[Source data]
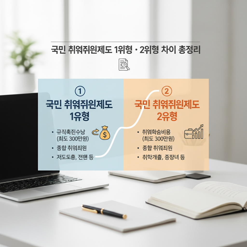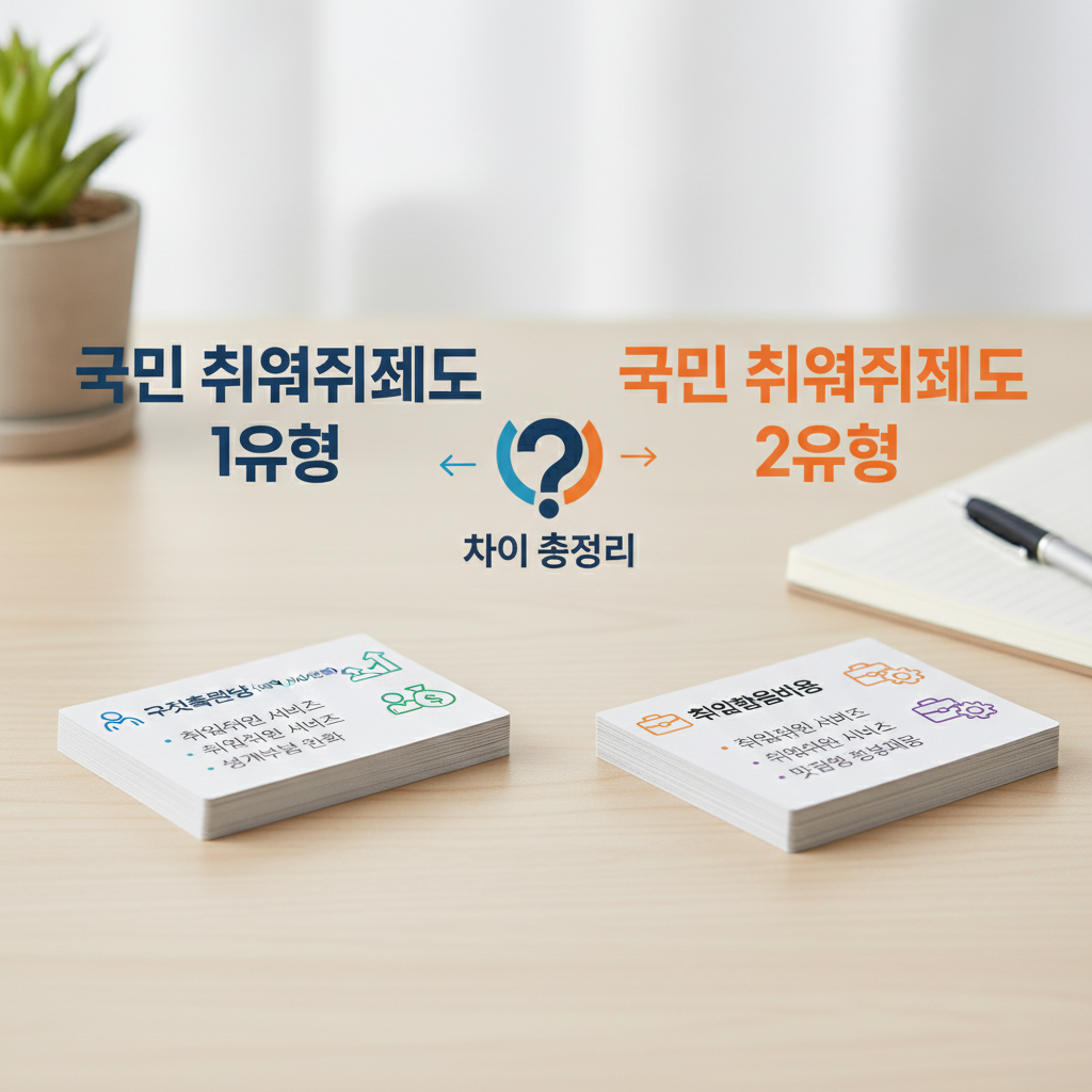 크게 두 가지 트랙으로 나뉘는데 이게 1유형이랑 2유형이에요. 근데 사람들이 제일 헷갈려 하는 게 도대체 내가 어디에 속하느냐는 거임. 소득이랑 재산 따지고 뭐 따지고 머리 아픈데, 심플하게 생각하면 돈이 급하냐 아니면 기술 배우는 게 급하냐 차이로 갈린다고 보면 됩니다. 물론 내가 고르고 싶다고 골라지는 건 아니고 조건이 맞아야 하지만요.
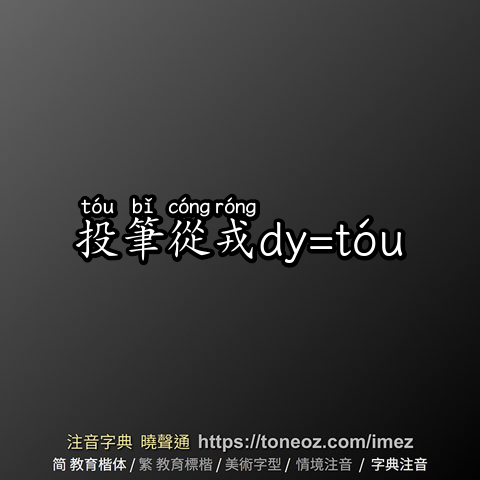 投筆從戎dy=tóu - 教育字典 快速核校注音 曉聲通
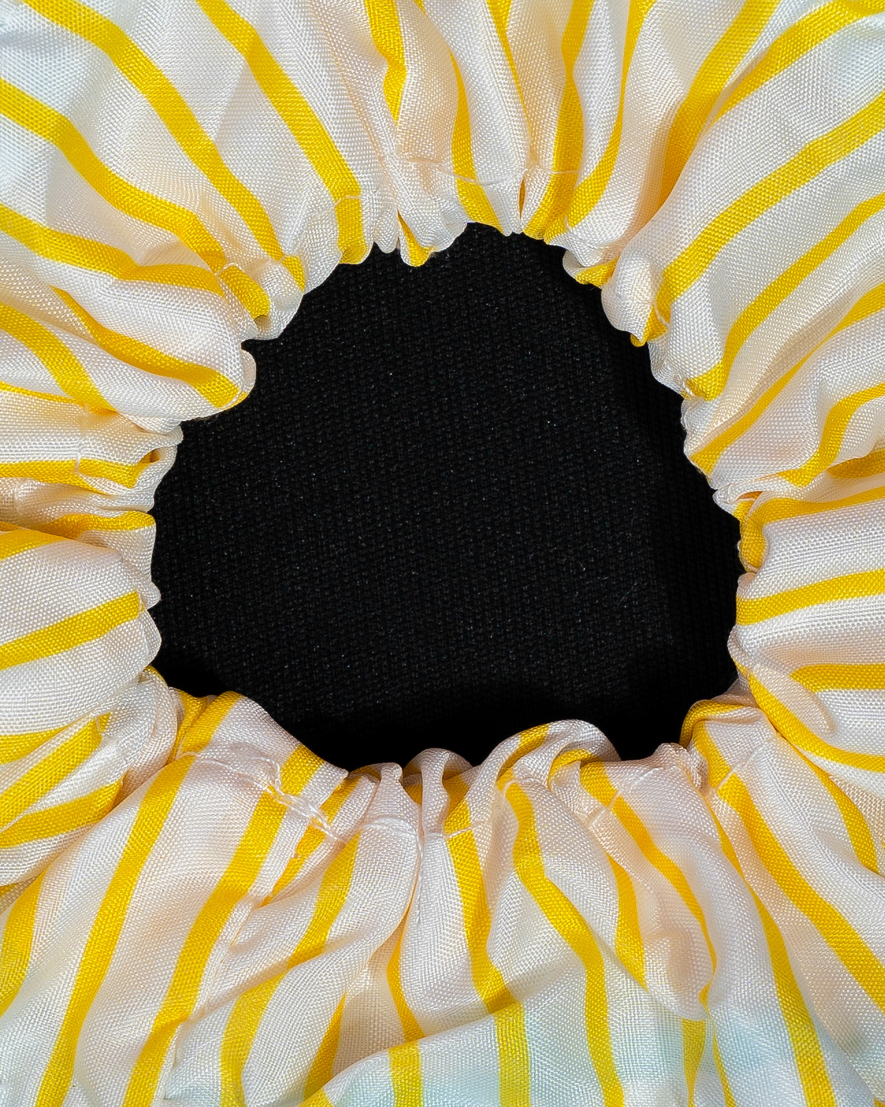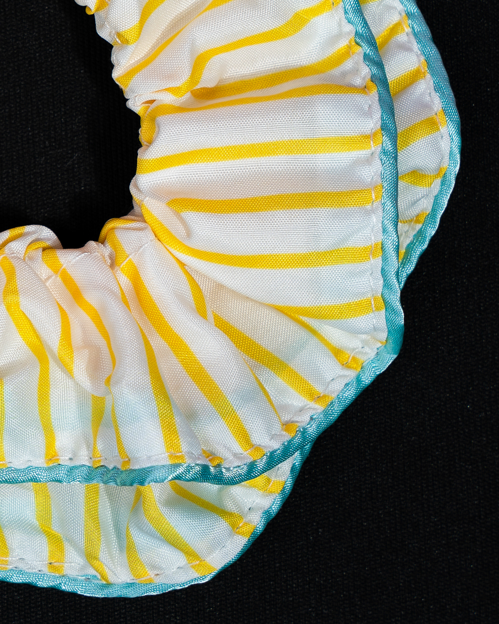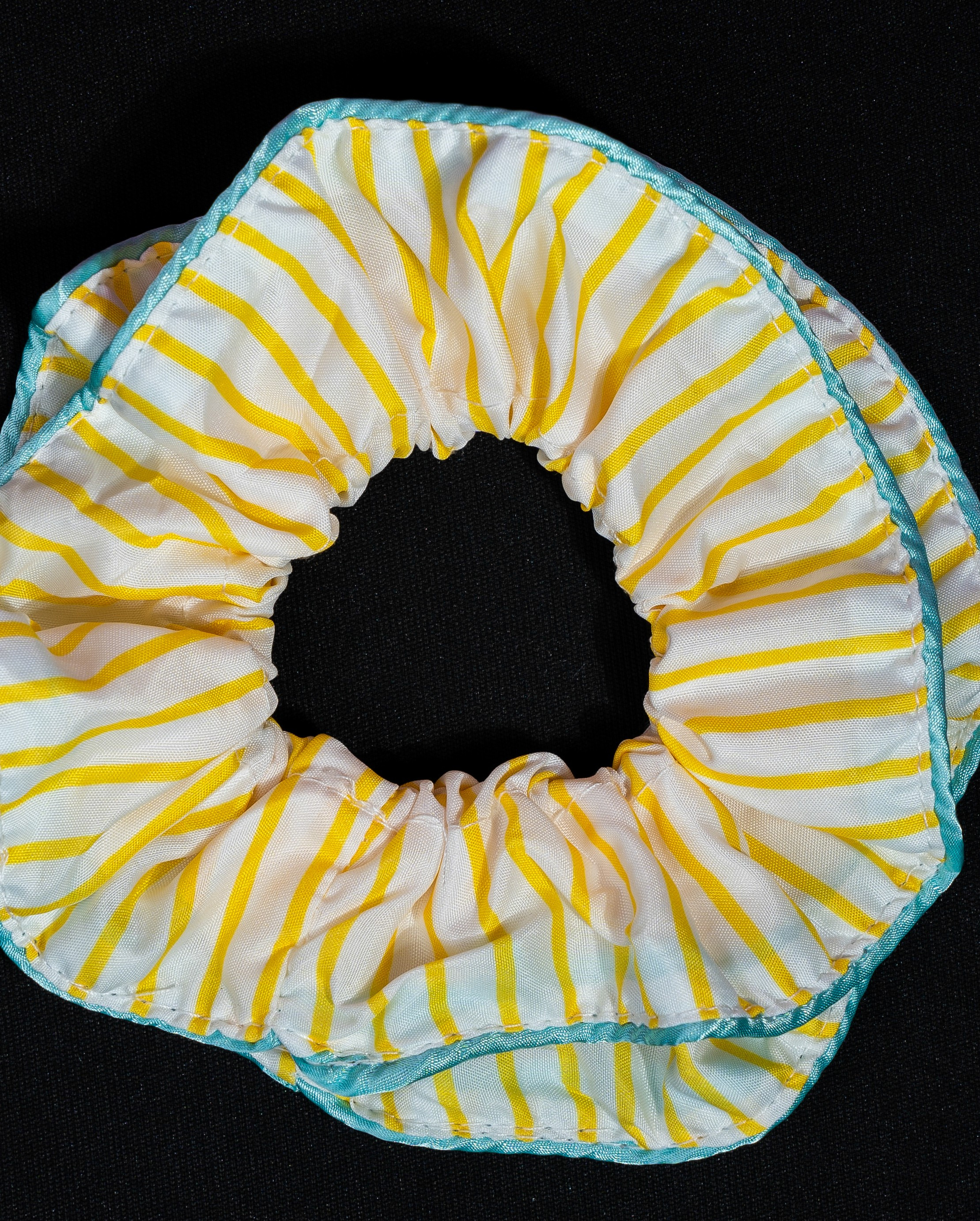 A bright and cheerful scrunchie featuring sunny yellow stripes on a soft white base, finished with a subtle blue trim for a fresh contrast. Its breezy, playful design captures a light summer vibe, perfect for adding a pop of color to everyday looks.
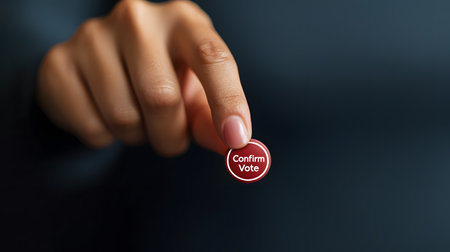 A close-up of a hand about to tap a 'Confirm Vote' button, highlighting civic engagement with a focus on democracy. Background appears dark.
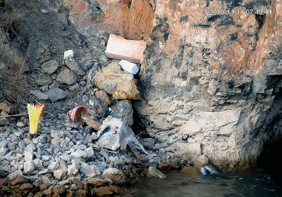 再如,顺河流而下堆积在岸边的垃圾。
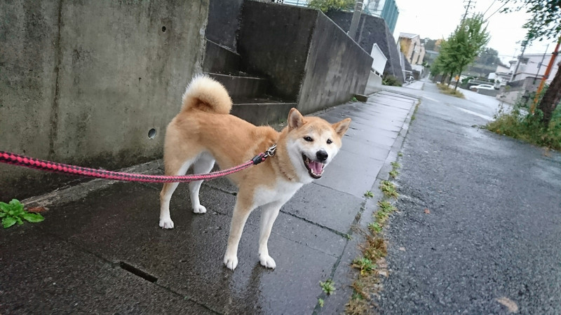 今日は残念ながら朝から雨模様でしたが、雨にも負けず元気いっぱいルンルンでお散歩に行ってきました
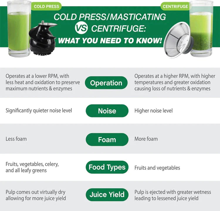45-65 RPM slow speed cold press juicing helps to reduce heat and air exposure to preserve vitamins, minerals, enzymes and antioxidants. Don’t just eat your fruits and veggies—juice them -- get a day’s worth of vitamins in one delicious juice. Makes fruit, vegetable and leafy green juices.
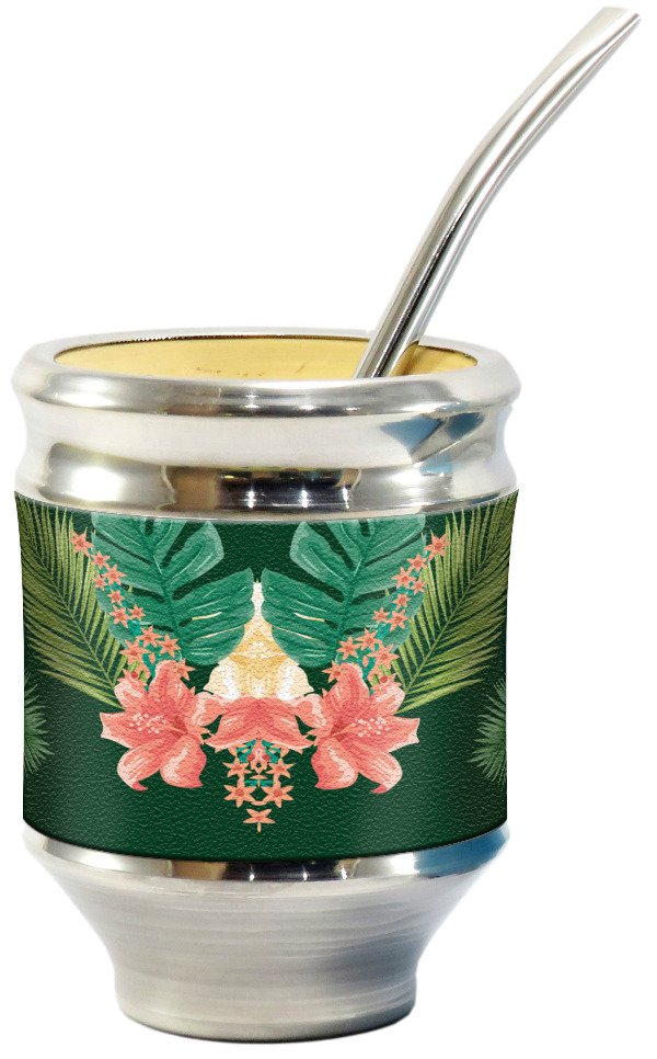 MATE + BOMBILLA ECOCUERO HOJAS FONDO VERDE
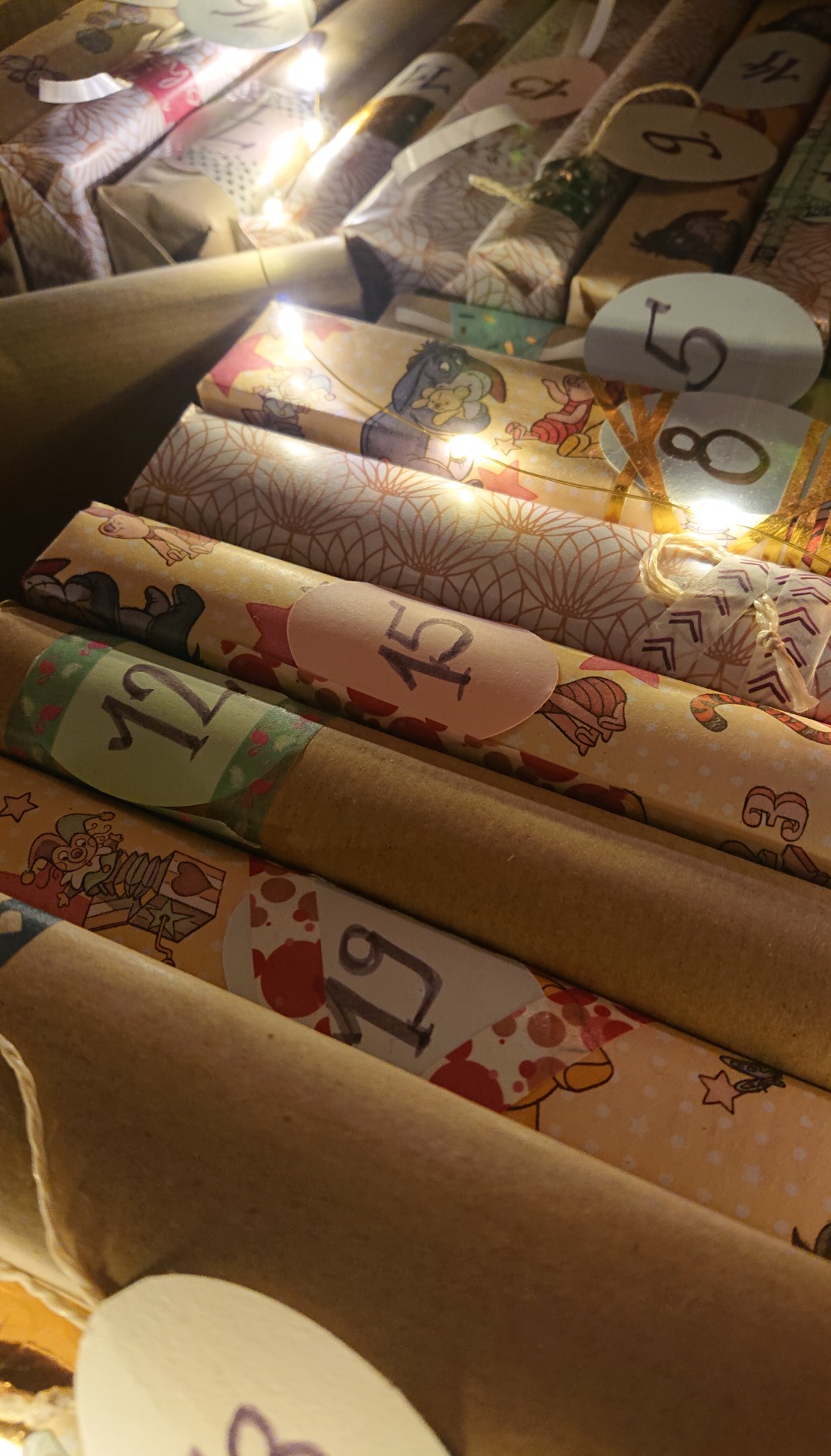Da ich aber nun ein ganzes Jahr Zeit hatte, Bücher auf Flohmärkten und öffentlichen Bücher Schränken zu sammeln, habe ich tatsächlich für jede 24 Bücher, an Nikolaus und Weihnachten sogar zwei.
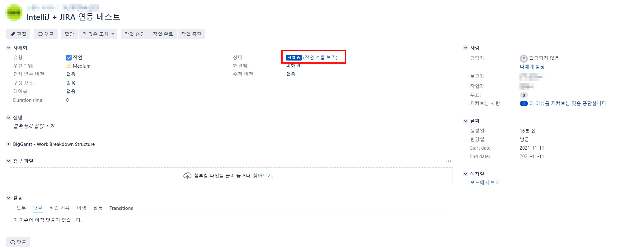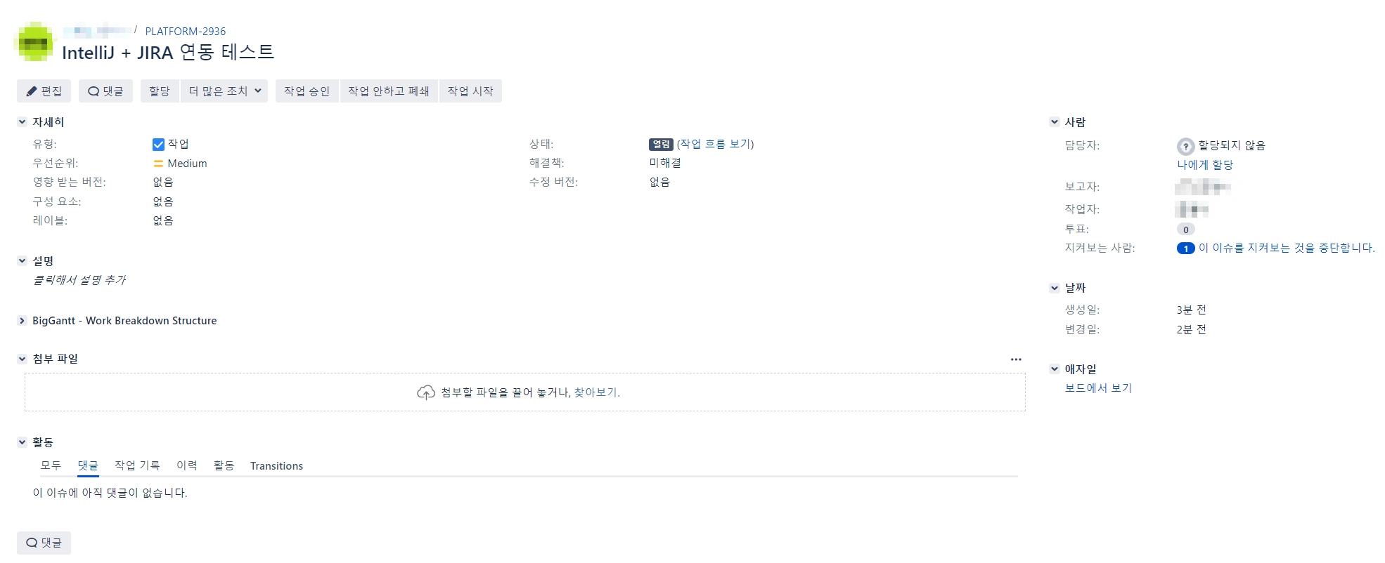 이제 기능을 확인해보겠습니다. 연동할 JIRA task를 생성합니다.

REQUIRED WORK:
Every record above, copied exactly and without a single picture, makes up the answer.

EXERCISE SOLUTION:
 크게 두 가지 트랙으로 나뉘는데 이게 1유형이랑 2유형이에요. 근데 사람들이 제일 헷갈려 하는 게 도대체 내가 어디에 속하느냐는 거임. 소득이랑 재산 따지고 뭐 따지고 머리 아픈데, 심플하게 생각하면 돈이 급하냐 아니면 기술 배우는 게 급하냐 차이로 갈린다고 보면 됩니다. 물론 내가 고르고 싶다고 골라지는 건 아니고 조건이 맞아야 하지만요.
 投筆從戎dy=tóu - 教育字典 快速核校注音 曉聲通
 A bright and cheerful scrunchie featuring sunny yellow stripes on a soft white base, finished with a subtle blue trim for a fresh contrast. Its breezy, playful design captures a light summer vibe, perfect for adding a pop of color to everyday looks.
 A close-up of a hand about to tap a 'Confirm Vote' button, highlighting civic engagement with a focus on democracy. Background appears dark.
 再如,顺河流而下堆积在岸边的垃圾。
 今日は残念ながら朝から雨模様でしたが、雨にも負けず元気いっぱいルンルンでお散歩に行ってきました
45-65 RPM slow speed cold press juicing helps to reduce heat and air exposure to preserve vitamins, minerals, enzymes and antioxidants. Don’t just eat your fruits and veggies—juice them -- get a day’s worth of vitamins in one delicious juice. Makes fruit, vegetable and leafy green juices.
 MATE + BOMBILLA ECOCUERO HOJAS FONDO VERDE
Da ich aber nun ein ganzes Jahr Zeit hatte, Bücher auf Flohmärkten und öffentlichen Bücher Schränken zu sammeln, habe ich tatsächlich für jede 24 Bücher, an Nikolaus und Weihnachten sogar zwei.
 이제 기능을 확인해보겠습니다. 연동할 JIRA task를 생성합니다.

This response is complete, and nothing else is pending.